= ISO 3166-2:SL =

Entry for Sierra Leone in ISO 3166-2

ISO 3166-2:SL is the entry for Sierra Leone in ISO 3166-2, part of the ISO 3166 standard published by the International Organization for Standardization (ISO), which defines codes for the names of the principal subdivisions (e.g. provinces or states) of all countries coded in ISO 3166-1.

Currently for Sierra Leone, ISO 3166-2 codes are defined for one area and four provinces. The Western Area contains the capital of the country Freetown and has special status equal to the provinces.
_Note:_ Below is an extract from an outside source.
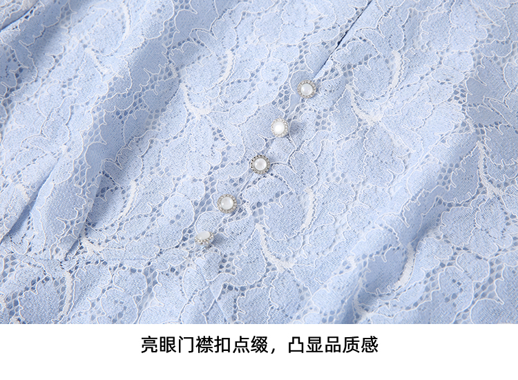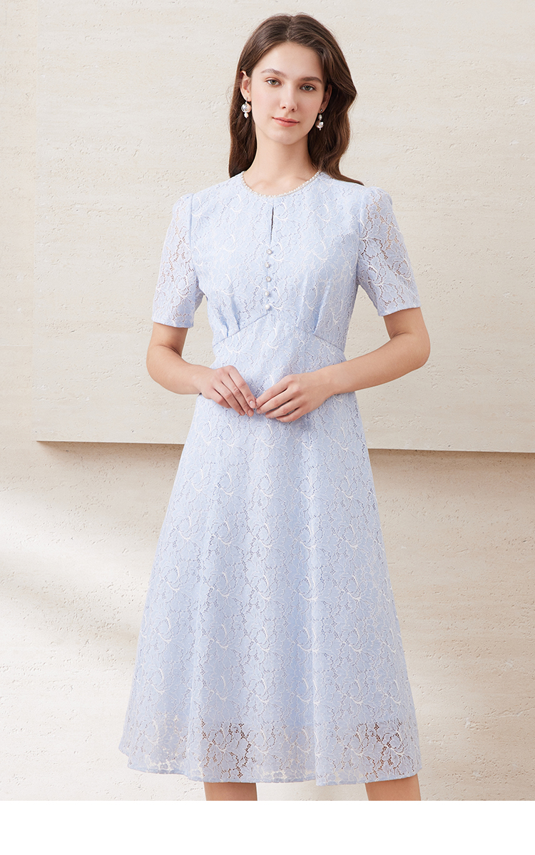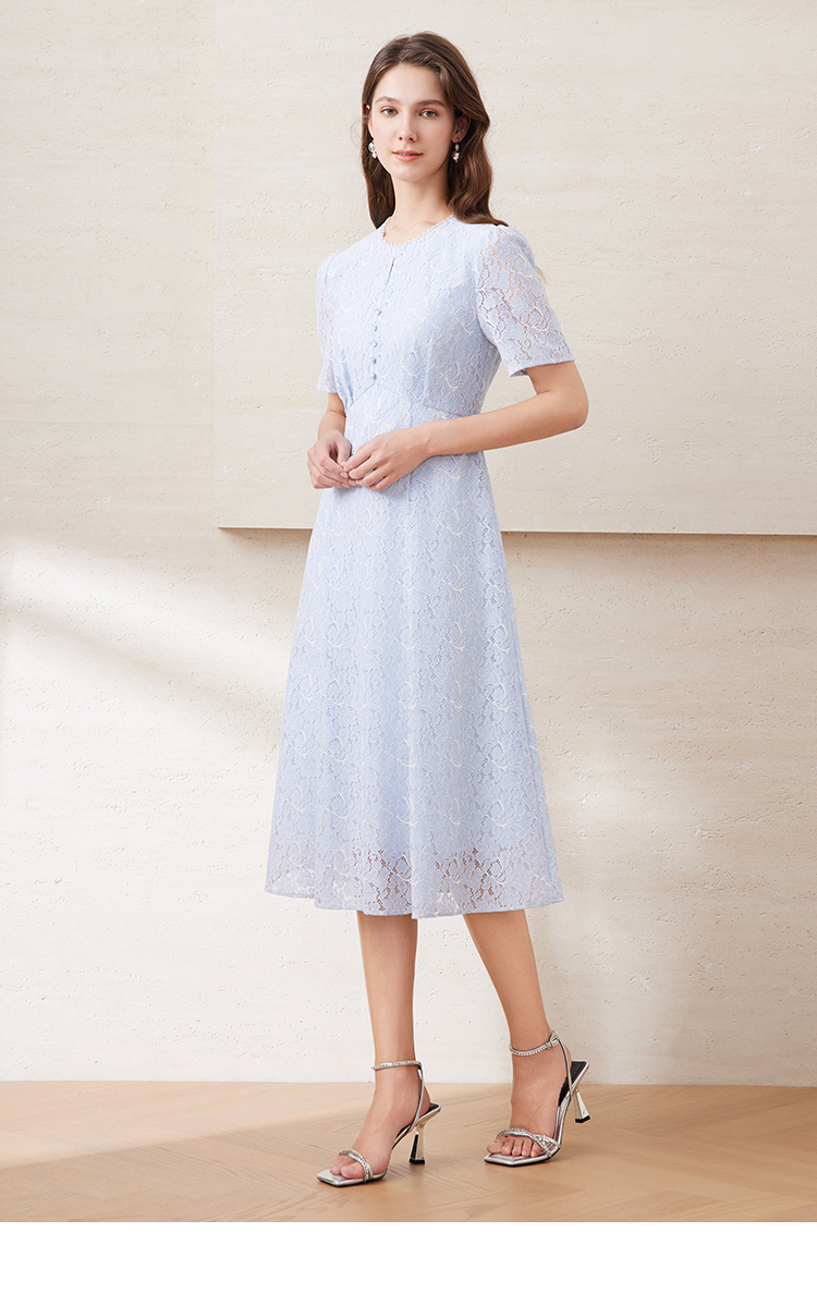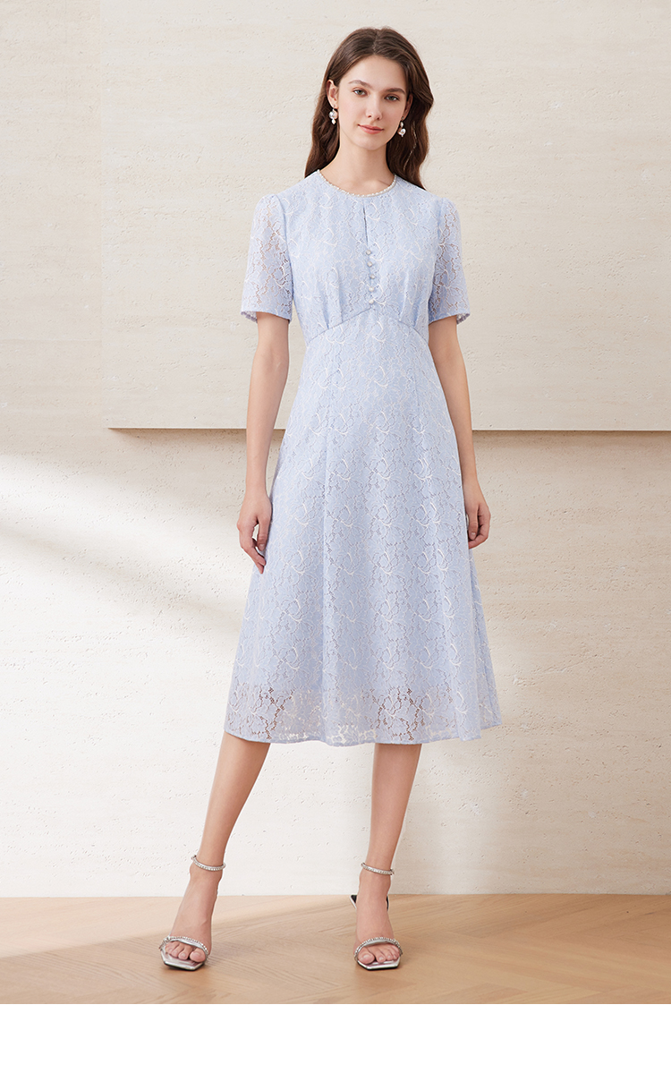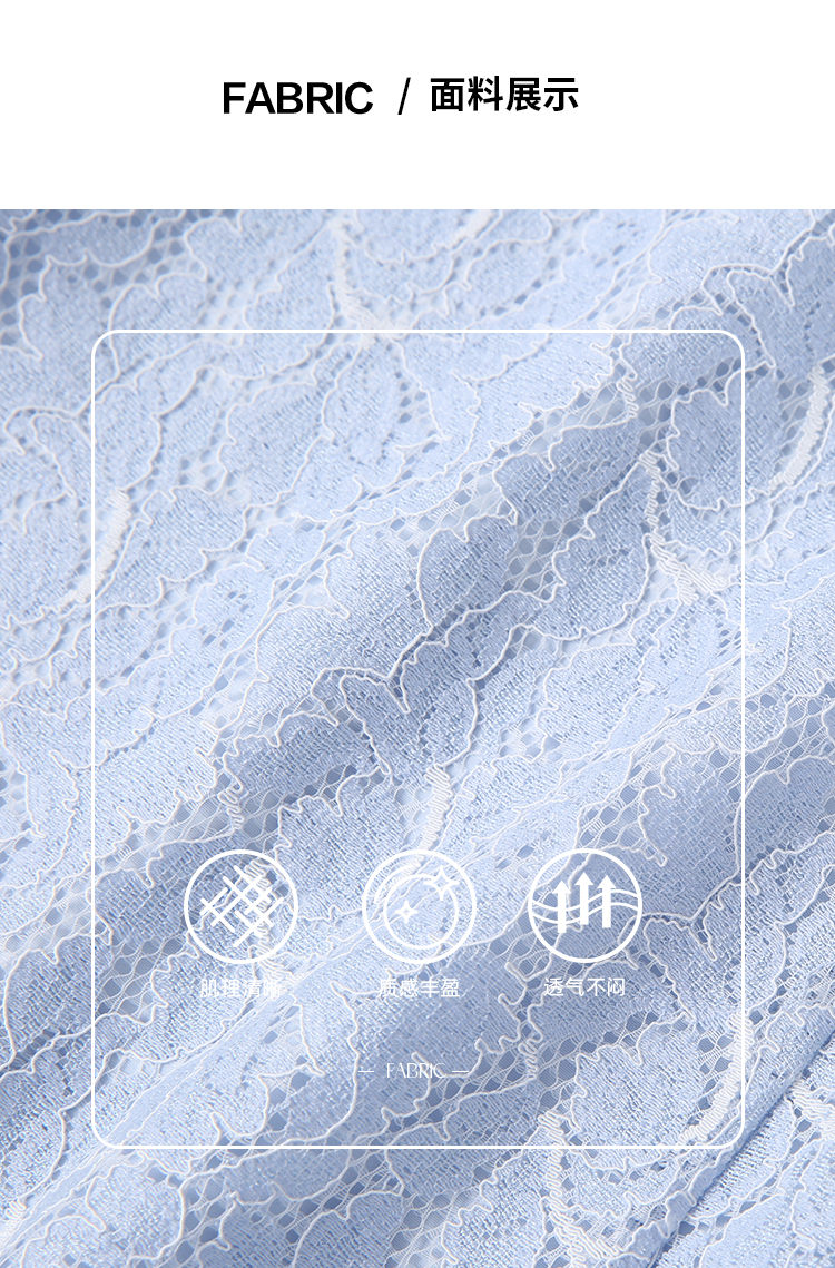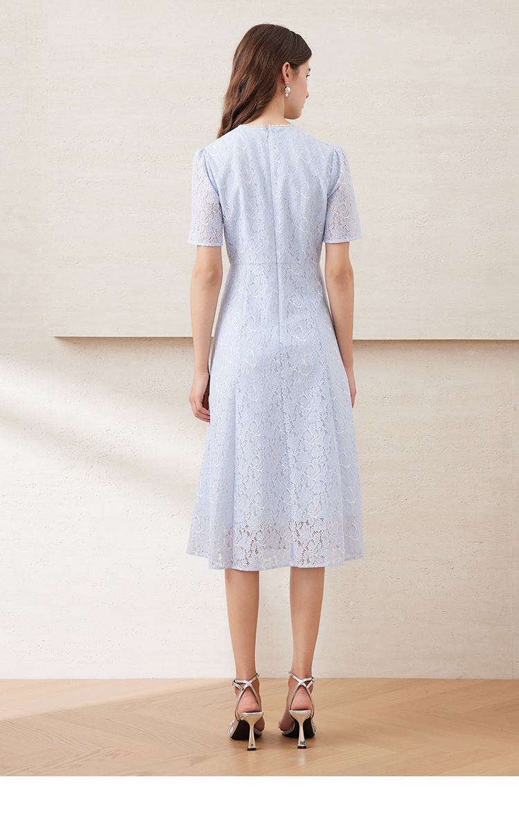 EITIE爱特爱浅蓝色丝绒绣花重工蕾丝收腰显瘦连衣裙2025夏季新款B2507630

Each code consists of two parts, separated by a hyphen. The first part is SL, the ISO 3166-1 alpha-2 code of Sierra Leone. The second part is one or two letters.

==Current codes==
Subdivision names are listed as in the ISO 3166-2 standard published by the ISO 3166 Maintenance Agency (ISO 3166/MA).

Subdivisions of Sierra Leone

Click on the button in the header to sort each column.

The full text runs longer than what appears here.